Two narrow streams (or “guts” as islanders called them) flowed from the Creek toward the bald beach. Most likely, the term “gut” dates to at least the 18th century. According to a Virginia Historic Preservation document* a creek on Daingerfield Island, Virginia, “was originally mapped as a ‘gutt,’ a term used for a slow-moving, marshy body of water. The gutt separated the island from the mainland.”

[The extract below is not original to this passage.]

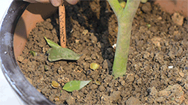 第一点是由于盆土过干,如何在家里判断盆土的干和湿呢?拿根一次性筷子,插入土中3-5公分,然后再拔出来,如果筷子上面全部是干的,那证明就要浇水了。

On Ocracoke, the two streams, the Big Gut (or Aunt Winnie’s Gut, so named for Winnie Blount, who lived nearby) and the Little Gut, effectively divided Ocracoke village into two main areas (Down Point, the area that includes Springer’s Point and the lighthouse; and Around Creek, the area that includes Howard Street, the present-day Methodist Church, and the Community Square area).

The Little Gut flowed through the village about where Hwy 12 is now, and the Big Gut was parallel to it, just southwest of the old Odd Fellows Lodge/Island Inn. Both guts were filled in by the Navy in 1942 when they dredged the harbor to accommodate their vessels.

A friendly rivalry developed between Creekers and Pointers that continues to some extent even to this day.

Eventually simple foot bridges were built across the guts in several places.

Bridge over Gut
Bridge over Gut

Although some of the bridges were eventually widened to accommodate horse-drawn carts, most of the bridges were only built for foot traffic, .

Bridge over gut
Bridge over gut

The two guts led to some interesting island stories. The following story was told to me by islander Al Scarborough, about his grandmother and her sister.

Miss Sue (Susan Gaskill Scarborough, 1878-1954) and Miss Lyzee (Eliza Gaskill Thomas, 1866-1946) were sisters. Miss Sue and her husband, Charlie Scarborough, lived “Around Creek” (on the northeast side of Cockle Creek/Silver Lake):

Scarborough House
Scarborough House

Miss Lyzee and her husband, Capt. Bill Thomas, lived “Down Point” (on the southwest side of Cockle Creek/Silver Lake):

Thomas House
Thomas House

Miss Sue and Miss Lysee had a clear view of each other’s houses across the harbor.

Although the foot bridges had been constructed by the time Miss Sue and Miss Lysee were married, the journey by foot (through soft sand and across the rickety bridges) from one side of the harbor to the other side was not taken lightly. When Miss Sue took a notion to visit Miss Lyzee (usually only once or twice a year) she intended it to be a proper visit, and that meant packing her valise for the journey. After walking for more than an hour she wasn’t about to turn right around and return home. She always stayed several days with her sister before walking back to her home on the “Creek” side.